Following this story, all us felt a bit anxious about going out, but we needed to face the day. After all, we felt safe here and like Mexico City we avoided going out late at night. So on our final day explored some of the local street art, La Aurora (the design centre) and returned back to some of our favourite places from the day before.

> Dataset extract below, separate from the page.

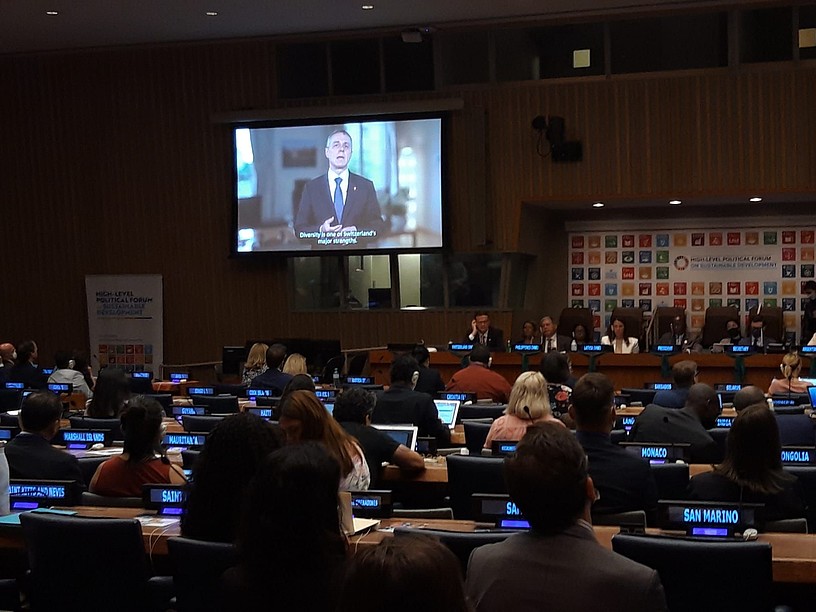 L’Association des Communes Suisses a été invitée à rejoindre la délégation suisse au Forum politique de haut niveau pour présenter le 3ème Rapport national volontaire (VNR) de la Suisse sur la mise en œuvre des objectifs de développement durable de l’Agenda 2030 devant l’ONU à New York. L’ACS a donné suite à cette invitation et a eu la chance, par le biais de sa déléguée Manon Röthlisberger, de prendre part à la table-ronde «Swiss VNR Lab» pour souligner le rôle que joue le niveau communal suisse dans la mise en œuvre effective de cet engagement international.
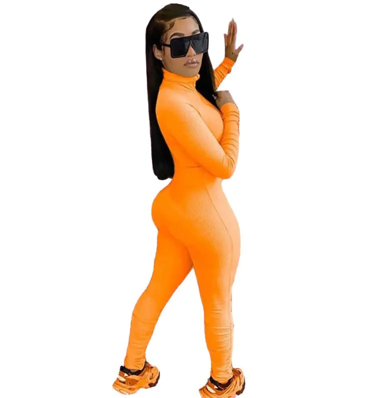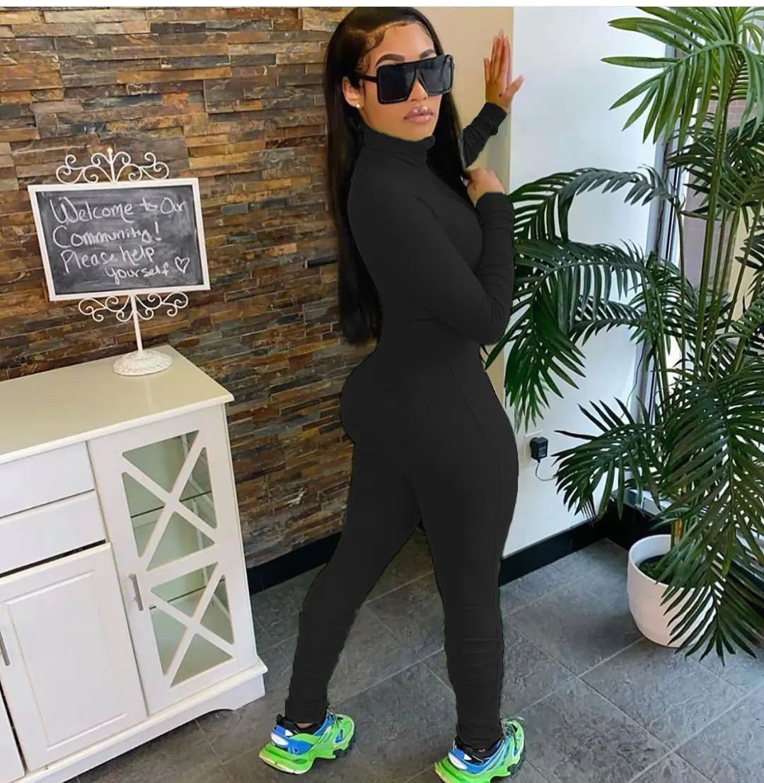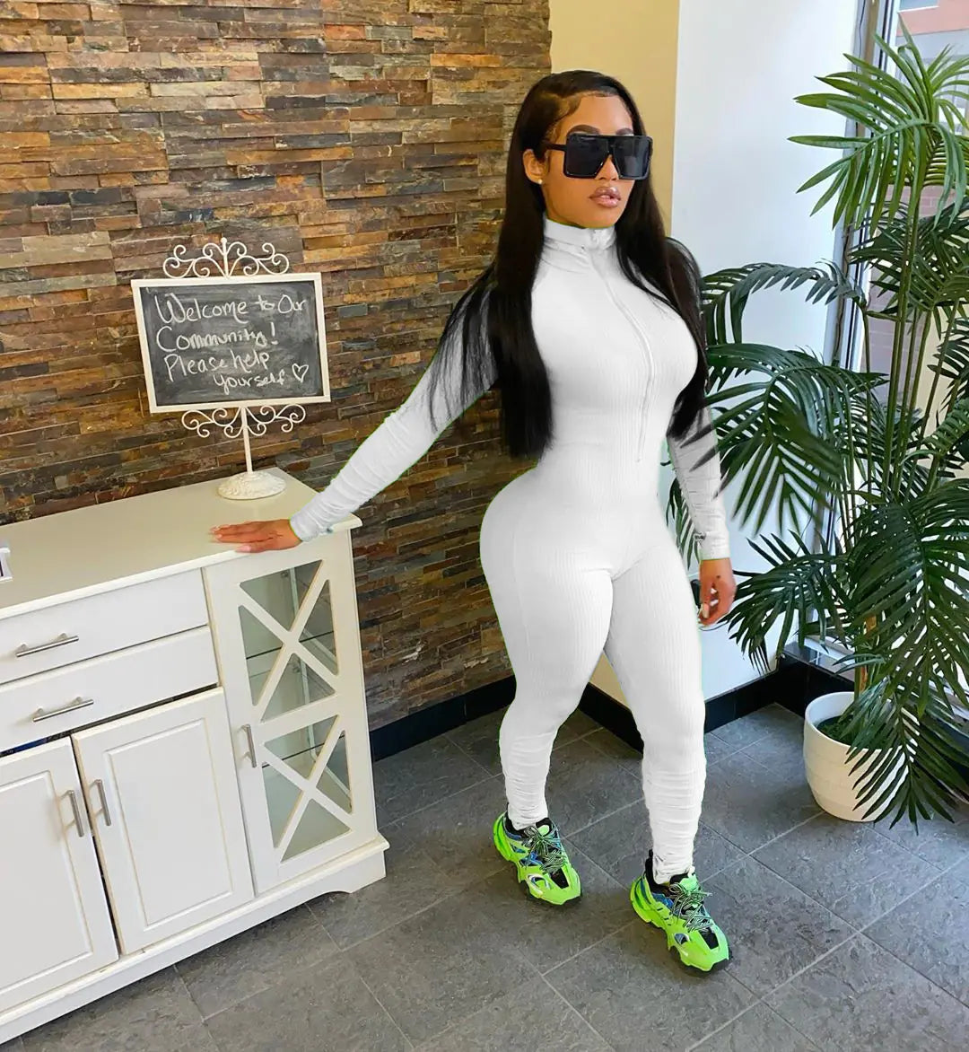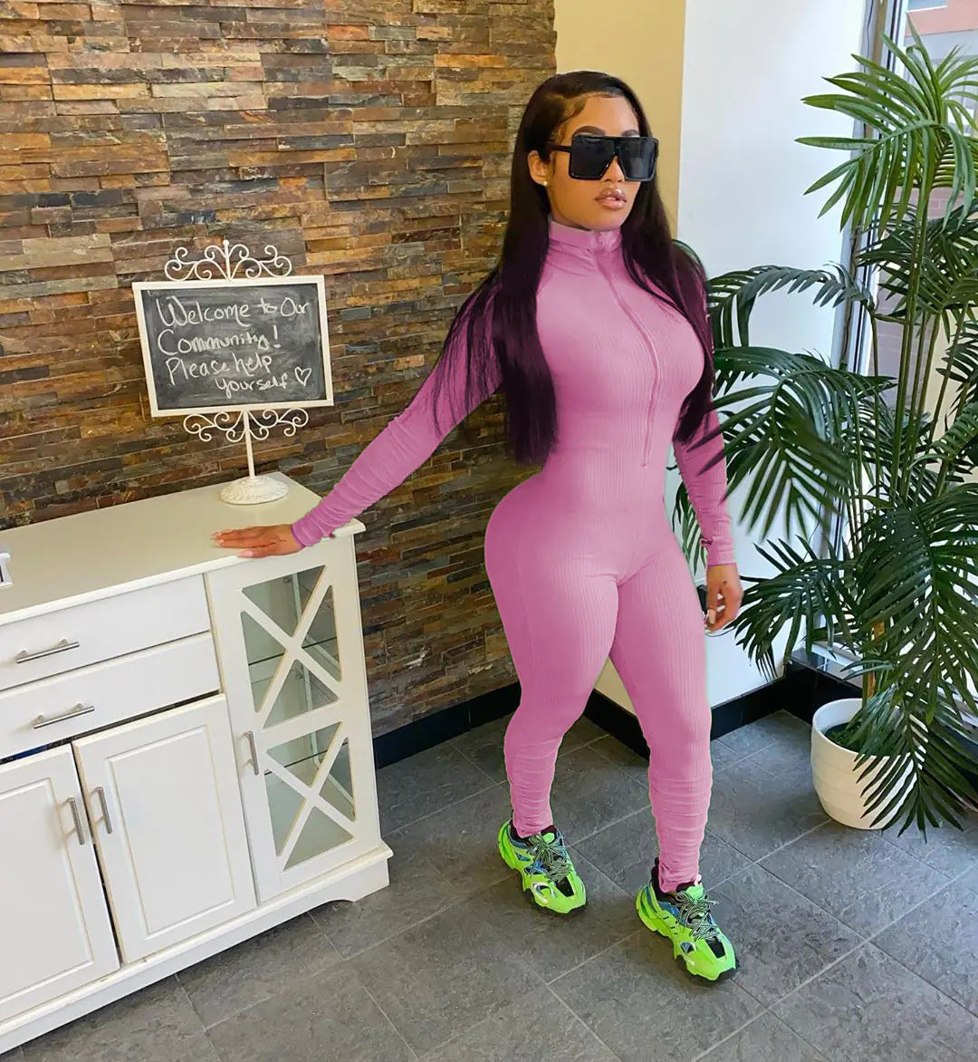 Ribbed Long Sleeve Zip Up Bodycon Jumpsuit

We also found another recommended cafe called Cafe De La Mancha. It’s known for having various coffee options from around the world. I got Turkish, Lisa got Japanese and Stu got a mixture of coffee and orange juice – it’s as foul as it sounds! Again, not exactly an authentic Mexican experience but we enjoyed it!

Verdict of San Miguel de Allende:

Simply beautiful, colourful, touristy (in a good way as it feels safe) and a lovely weekend away for those visiting Mexico City. You can get a cultural experience if you take the time to look in the Parroquia de San Miguel Arcángel or the 18th Century churches around the city OR you can just relax and unwind in the many cafes.